The Epistemological Question: How Do We Know?

This is where the divergence between civilizational traditions becomes sharpest and most relevant to AI.

Modern Western epistemology, which underpins current AI development, broadly recognises two valid means of knowledge: empirical observation and logical inference. This is the framework the Enlightenment inherited and within which science operates. But Hindu philosophy developed a far more elaborate epistemological system. The Nyaya, Vaisheshika, Samkhya, Yoga, Mimamsa, and Vedanta schools recognise up to six independent, valid means of knowledge (pramanas): pratyaksha (direct perception), anumana (inference), shabda (authoritative testimony from a reliable source), upamana (comparison and analogy), arthapatti (postulation where the only way to explain an observed phenomenon is to infer an unobserved cause), and anupalabdhi (non-apprehension  where the absence of something is itself a form of valid knowledge). Each pramana has its own conditions of validity, its own failure modes, and its own relationship to the others. These were debated across competing darshanas for over two thousand years, producing a body of epistemological literature unmatched in its precision.

Islamic epistemology centres on the relationship between revealed knowledge (wahy) and human reasoning (aql). The highest form of knowledge is not what an individual observes or infers, but what is transmitted through an authenticated chain of authority (isnad) tracing back to the Quran and the Prophetic tradition. Human reason is valued; it is rigorously exercised through ijtihad (independent juridical reasoning) and ijma (scholarly consensus), but it operates within the bounds established by revelation. Knowledge itself is hierarchical: ilm al-yaqin (certainty of knowledge), ayn al-yaqin (certainty of witnessing), and haqq al-yaqin (certainty of direct experience) represent ascending grades, with the highest being unattainable through intellect alone.

Now consider what this means for AI. When a model makes a factual claim, the user experiences it as authoritative knowledge, but the model has no concept of truth; it only assesses statistical likelihood. This epistemic gap means that hallucinations are not bugs in the traditional sense; they are the system working exactly as designed, generating plausible sequences of tokens. But the deeper problem is this: if you evaluate that hallucination against the Western empiricist framework (observation and inference alone), you get one assessment. If you evaluate it against Hindu epistemology with its six pramanas, where shabda (authoritative testimony) and arthapatti (postulation) are independent means of valid knowledge, you get a fundamentally different assessment. And if you evaluate it within Islamic epistemology, where the isnad (chain of transmission) and the authority of the source are epistemologically primary, you get yet another. Current AI safety benchmarks do not merely fail to account for this; they do not even recognise that the question exists.

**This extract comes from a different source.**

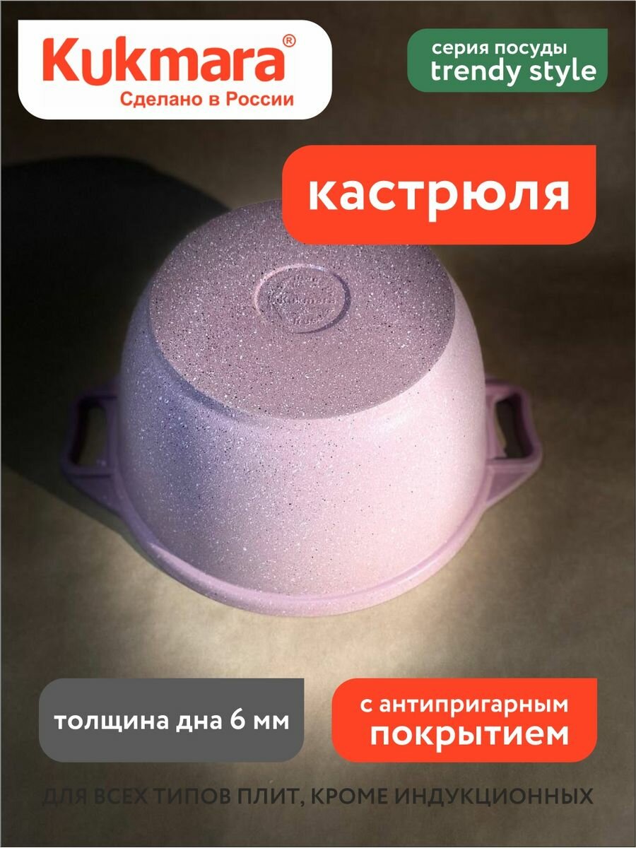 Кастрюля Kukmara Trendy Style, алюминий, антипригарное покрытие, розовая, 3 л

The Moral and Theological Dimension

The safety guidelines of every major model encode a specific moral framework, predominantly Western, predominantly secular, predominantly individualist. This is not a criticism; it is an observation of structural fact. And it becomes visible the moment you test how models handle questions of duty, hierarchy, family obligation, sacred knowledge, and the relationship between the individual and the collective.

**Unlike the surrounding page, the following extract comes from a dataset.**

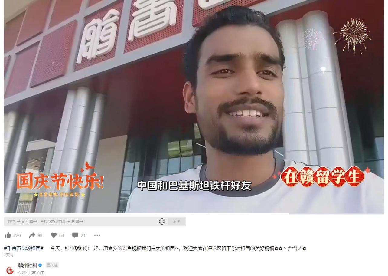 国际学生纷纷送上自己诚挚的祝福。巴基斯坦籍语合中心项目学生SHAHBAZ MUHAMMAD和ZOYA IRFAN录制专门视频,祝福中国朋友们国庆节日快乐。
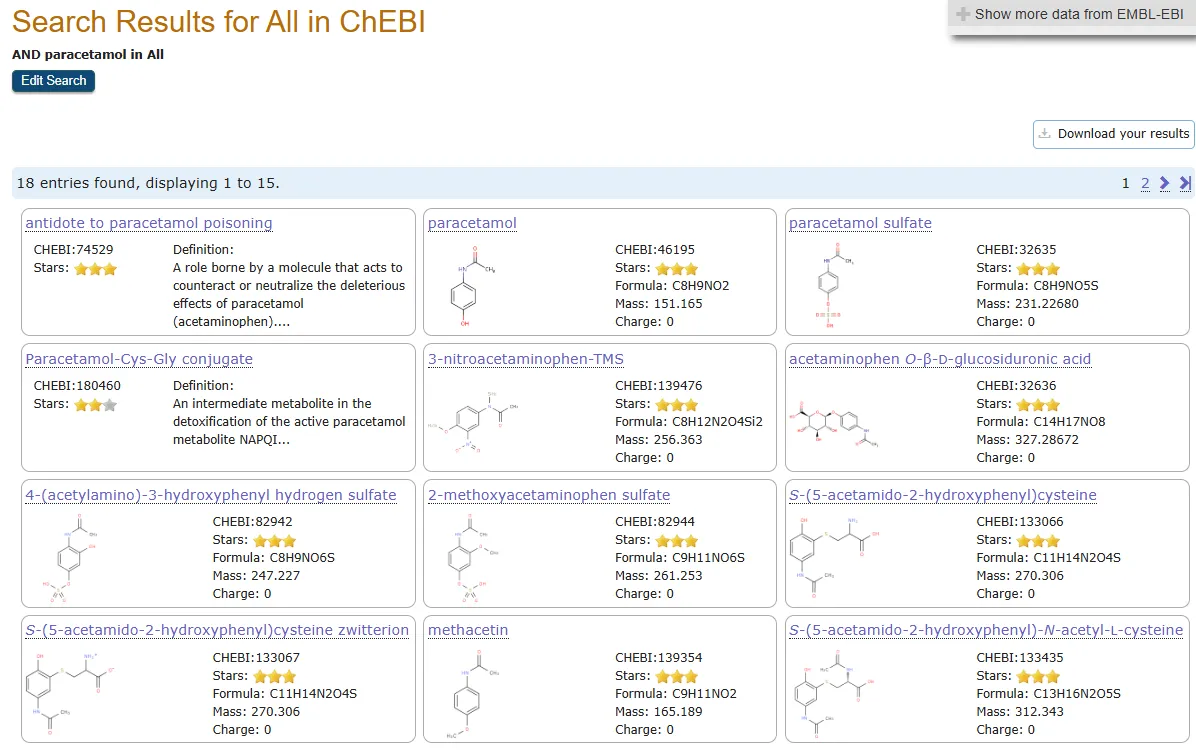 输入查询内容或设置好高级搜索条件后,点击 “Search” 按钮,数据库将开始检索并呈现结果页面。结果页面会展示与查询匹配的 ChEBI 条目列表,每个条目包含基本信息预览,如推荐的 ChEBI 名称、ChEBI ID 等。搜索结果支持下载,可选择以 TSV(制表符分隔值)、XML(可扩展标记语言)或 SDF(结构数据文件)等格式下载,方便导入到其他分析软件或应用程序中作进一步处理。

In Hinduism, the moral life is structured around the concept of dharma, a context-sensitive framework in which duty, righteousness, and appropriate conduct vary by one’s stage of life, role in society, and specific situation. There is no single universal rule that applies identically to all people at all times; morality is relational and situational, governed by an elaborate body of philosophical, legal, and narrative literature spanning the Dharmasutras, the Mahabharata, and centuries of commentarial tradition. In Islam, morality is grounded in divine command and scholarly consensus, where what is halal, haram, fard, makruh, and mustahabb is determined through rigorous juridical methodology (usul al-fiqh), and the authority of the ulema operates through intellectual frameworks fundamentally different from Western individualist moral reasoning. In Confucian and broader East Asian traditions, duty to the group, filial piety, and hierarchical harmony are primary moral values, in which individual autonomy is not the highest good but must be balanced with collective responsibility and social harmony.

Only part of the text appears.